David Lee Chaum (born 1955) is an American computer scientist, cryptographer, and inventor. He is known as a pioneer in cryptography and privacy-preserving technologies, and widely recognized as the inventor of digital cash. His 1982 dissertation "Computer Systems Established, Maintained, and Trusted by Mutually Suspicious Groups" is the first known proposal for a blockchain protocol.[1] Complete with the code to implement the protocol, Chaum's dissertation proposed all but one element of the blockchain later detailed in the Bitcoinwhitepaper. He has been referred to as "the father of online anonymity",[2] and "the godfather of cryptocurrency".[3]

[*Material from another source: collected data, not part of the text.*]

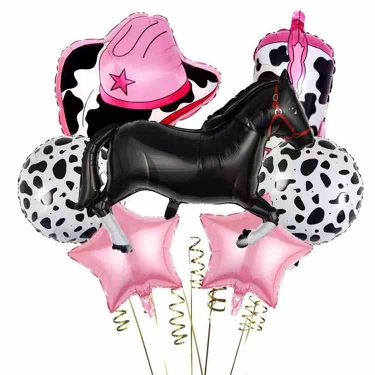カウボーイをテーマにしたアルミホイルバルーンの形状はデザイン的には多様で、核となる要素に基づいて4つのカテゴリーに分類できます。数あるデザインの中でも、ホースフォイルバルーンに代表される動物型は非常にダイナミックなデザインで、主にきめの細かいアルミフィルム素材が使用されています。
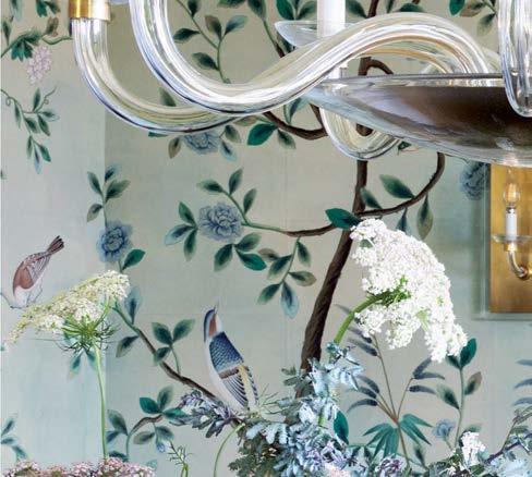 Previous page: De Gournay’s Nordic Garden wallpaper creates an elegant backdrop for the dining room, embellished with Paloma Contreras’ Brigitte chandelier from Visual Comfort & Co. Custom leather chairs by House + Town surround the bespoke table from Neal & Co.
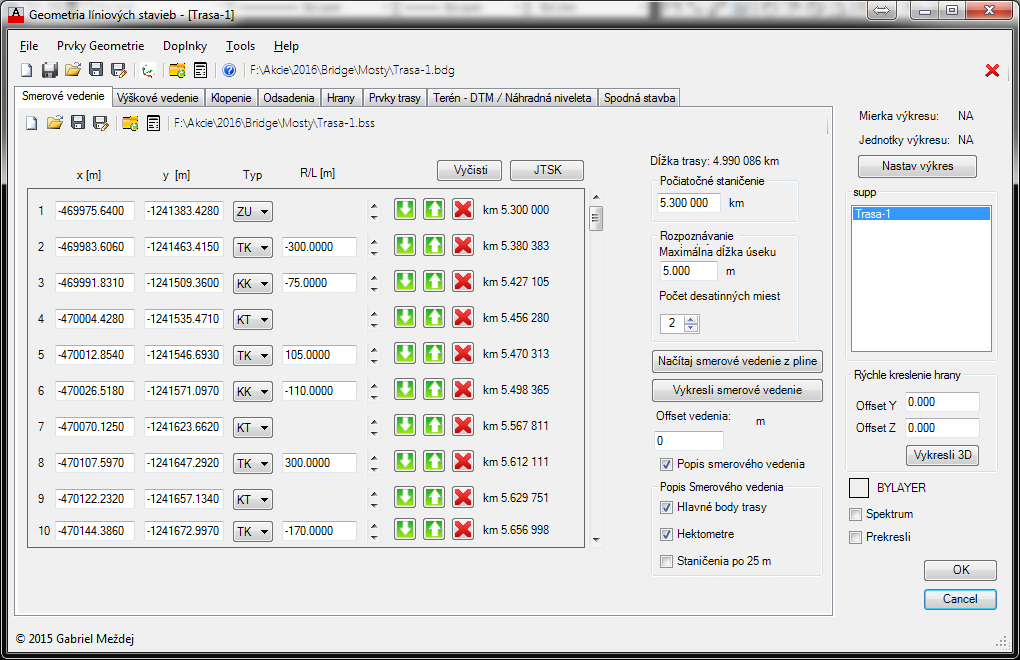 Po načítaní trasy je potrebné dať vykresliť a skontrolovať zhodnosť vytvoreného smerového vedenia s podkladom. V prípade, že prechodnica alebo oblúk sú vykresľované na opačnú stranu, je potrebné polomer oblúka alebo dĺžku prechodnice v danom mieste zadať so znamienkom mínus. Ak chceme pridať alebo ubrať bod použijeme tlačidla v príslušnom riadku. Súradnice je možné zadať aj vybraním bodu z výkresu. Nastavíme kurzor na riadok, kde chceme súradnice vypísať a stlačíme kláves F3. Po stlačení sa okno zavrie a vyzve nás na vybratie bodu. Po vybraní bodu sa súradnice bodu (lokálneho súradného systému) vypíšu do riadku. Typ hlavného bodu, polomer resp. dĺžku prechodnice vpíšeme manuálne.
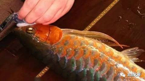 比如这条鱼就是刚才那只我朋友饲养3年的红龙,手术时可以看到它的5排位置明显发出靛蓝色光泽,这样的光泽在很多杂交金龙身上是常见的。
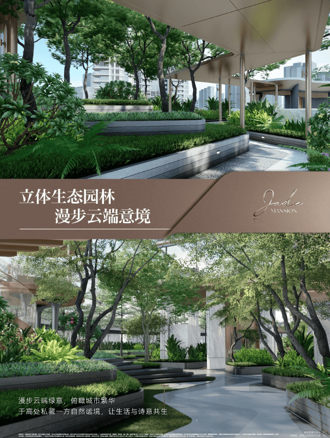 项目三层抬高设计让城市景与自然景巧妙融合,于此“半城繁华、半城诗意”转身即享。
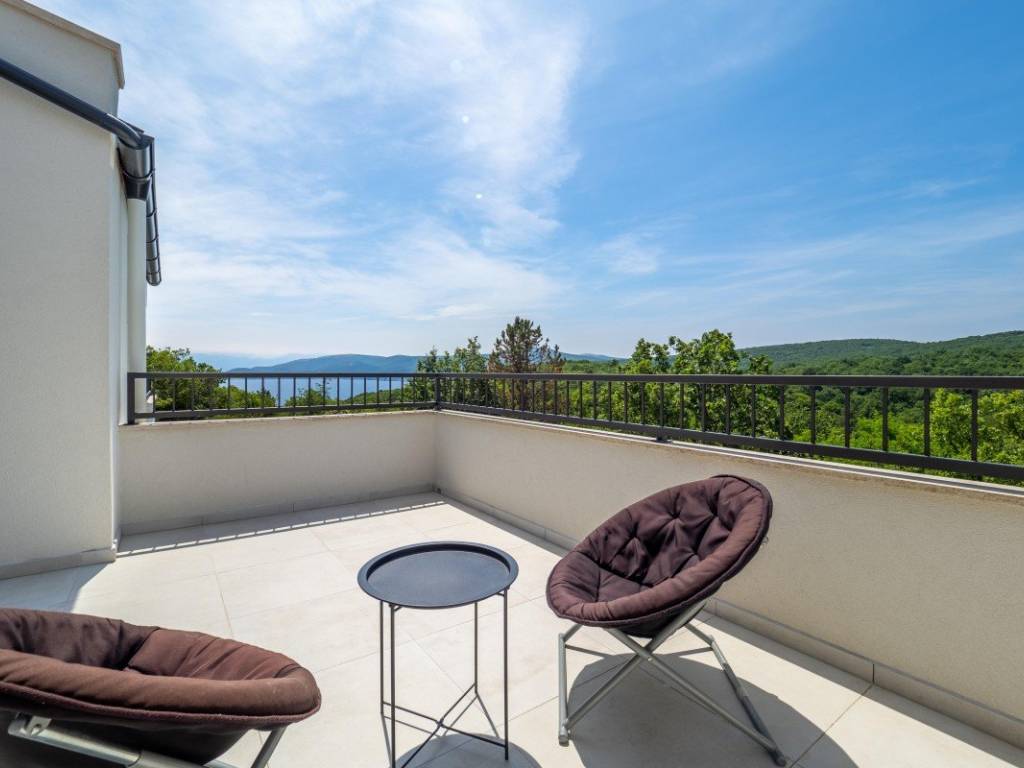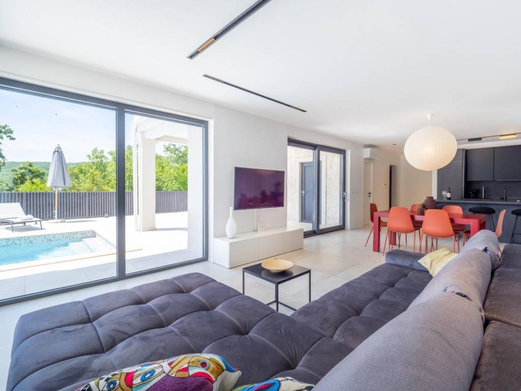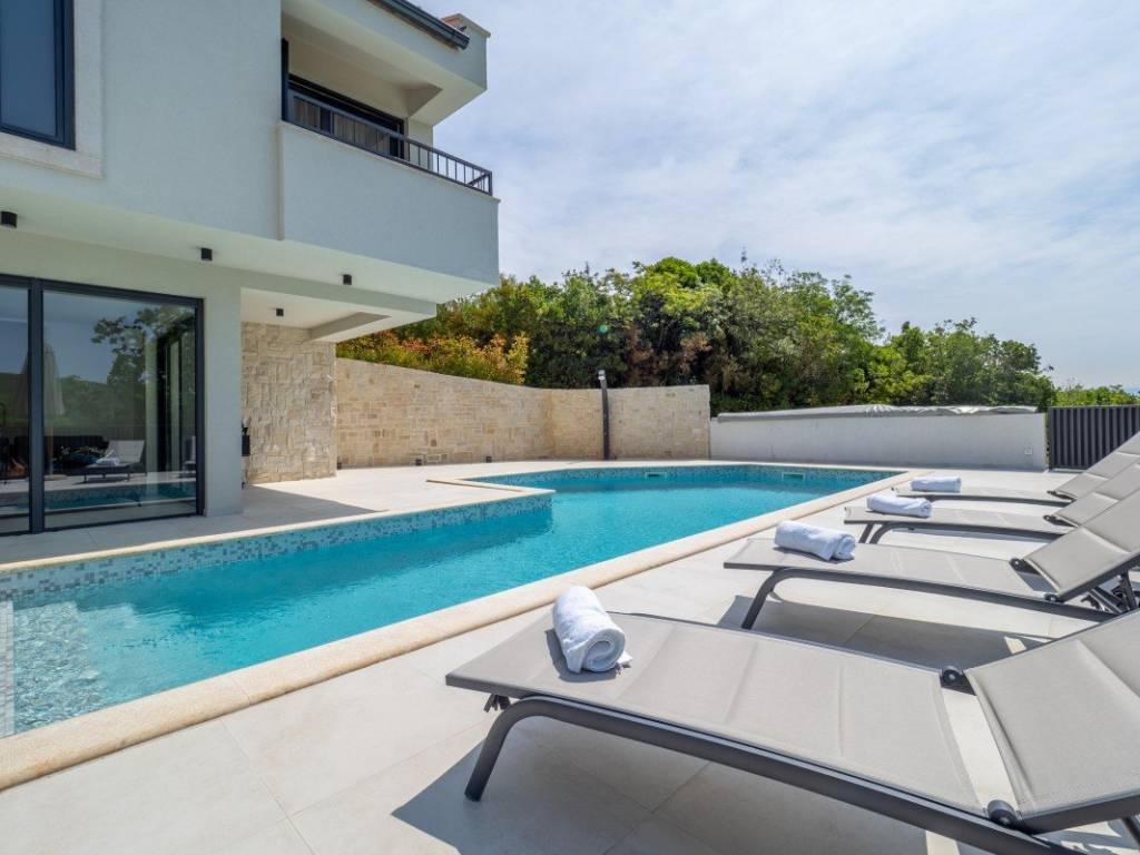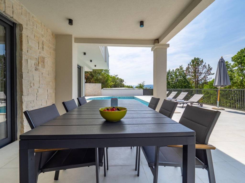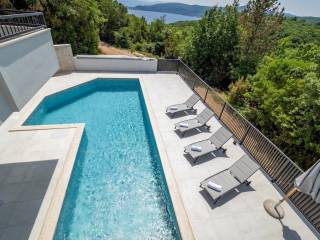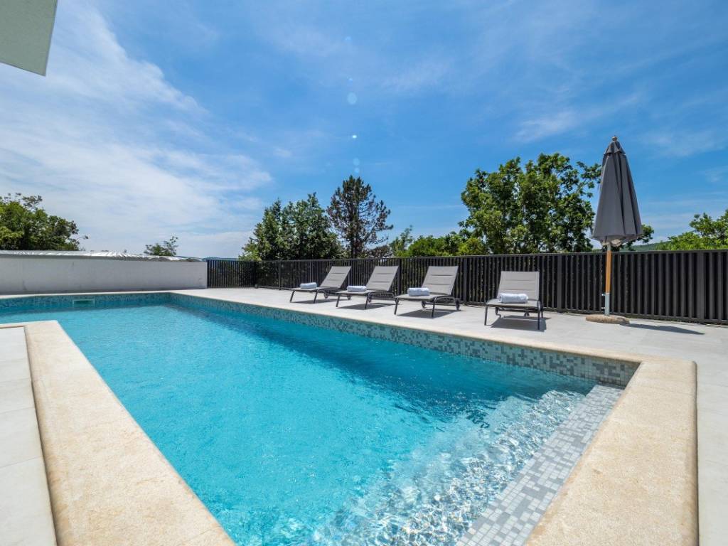 On the island of Krk, near Vrbnik, a modern detached house with a garden, pool and sea view is for sale.
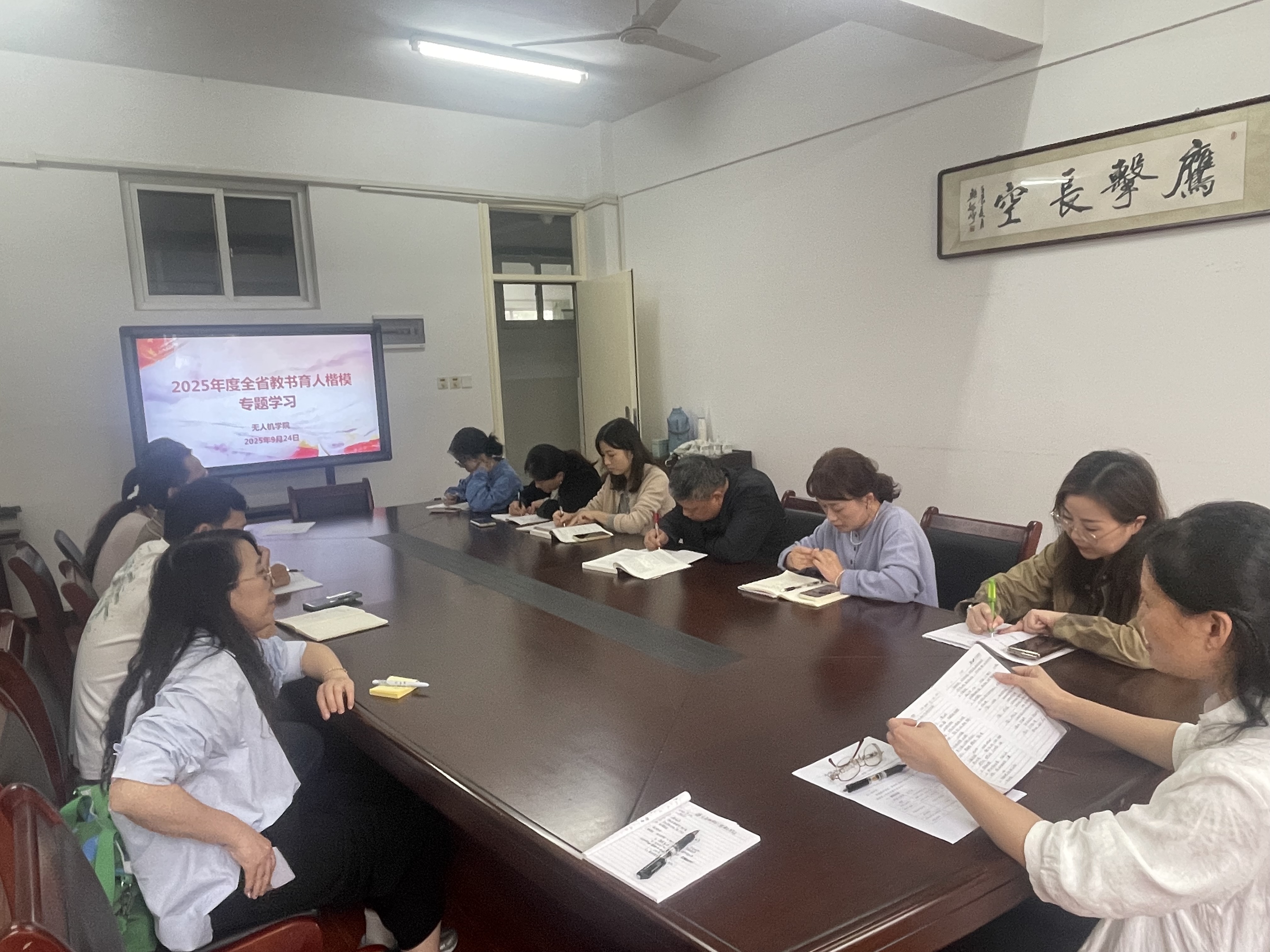 为深入贯彻党的教育方针,弘扬尊师重教的社会风尚,2025年9月24日下午,无人机学院在毕昇楼209会议室举行全省教书育人楷模学习活动。院长李穗主持会议,学院全体教职工参加学习。
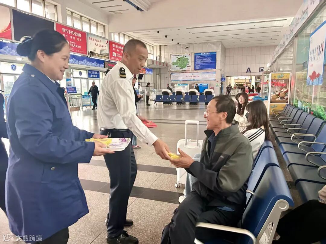 随后,张军站长与工作人员一同前往候车大厅,将月饼送到等候发车的旅客手中。无论是返乡探亲的游子、外出求学的学子,还是商务出行的旅客,都收到了这份意外的节日惊喜。“没想到在车站能收到月饼,一下子就感受到了家的味道!”一位旅客笑着说道。小小的月饼不仅消解了旅途的疲惫,更让人们对团圆的期盼愈发热切。
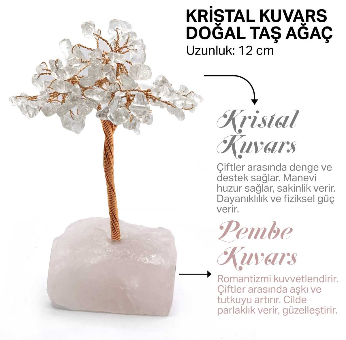 Sertifikalı Hakiki Orijinal Doğal Taş Kristal Kuvars Ağaç - Alt Kısmı Pembe Kuvars
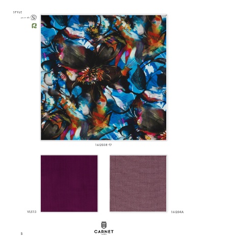 STYL E pure silk STAMPA SU CRÊPE DE CHINE DI SETA PRINTED SILK CRÊPE DE CHINE 100%SE h 130 cm • 100 gr 16I203R VELLUTO 500 RIGHE 500 LINES VELVET PIED DE POULE 100%CO 98%WV 2%EA VL513 h 145 cm • 370 gr h 150 cm • 300 gr 16I204A 5
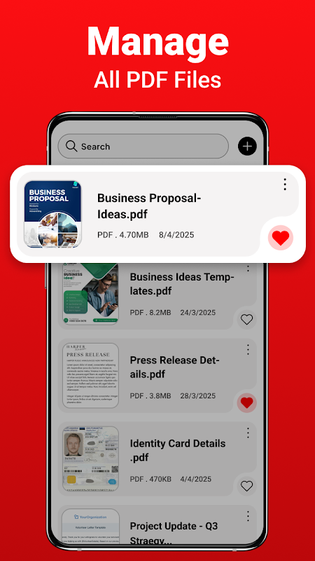• Đổi tên, xóa, in hoặc sắp xếp tệp PDF dễ dàng.

He is also known for developing ecash, an electronic cash application that aims to preserve a user's anonymity, and inventing many cryptographic protocols like the blind signature, mix networks and the Dining cryptographers protocol. In 1995 his company DigiCash created the first digital currency with eCash.[4]: 65–70 His 1981 paper, "Untraceable Electronic Mail, Return Addresses, and Digital Pseudonyms", laid the groundwork for the field of anonymous communications research.[5]
More recently in 2020, Chaum founded xx network, a privacy-focused blockchain platform, and in 2021 launched xx coin (abbreviation XX), a cryptocurrency designed to enhance user privacy and provide quantum resistance.[6][7]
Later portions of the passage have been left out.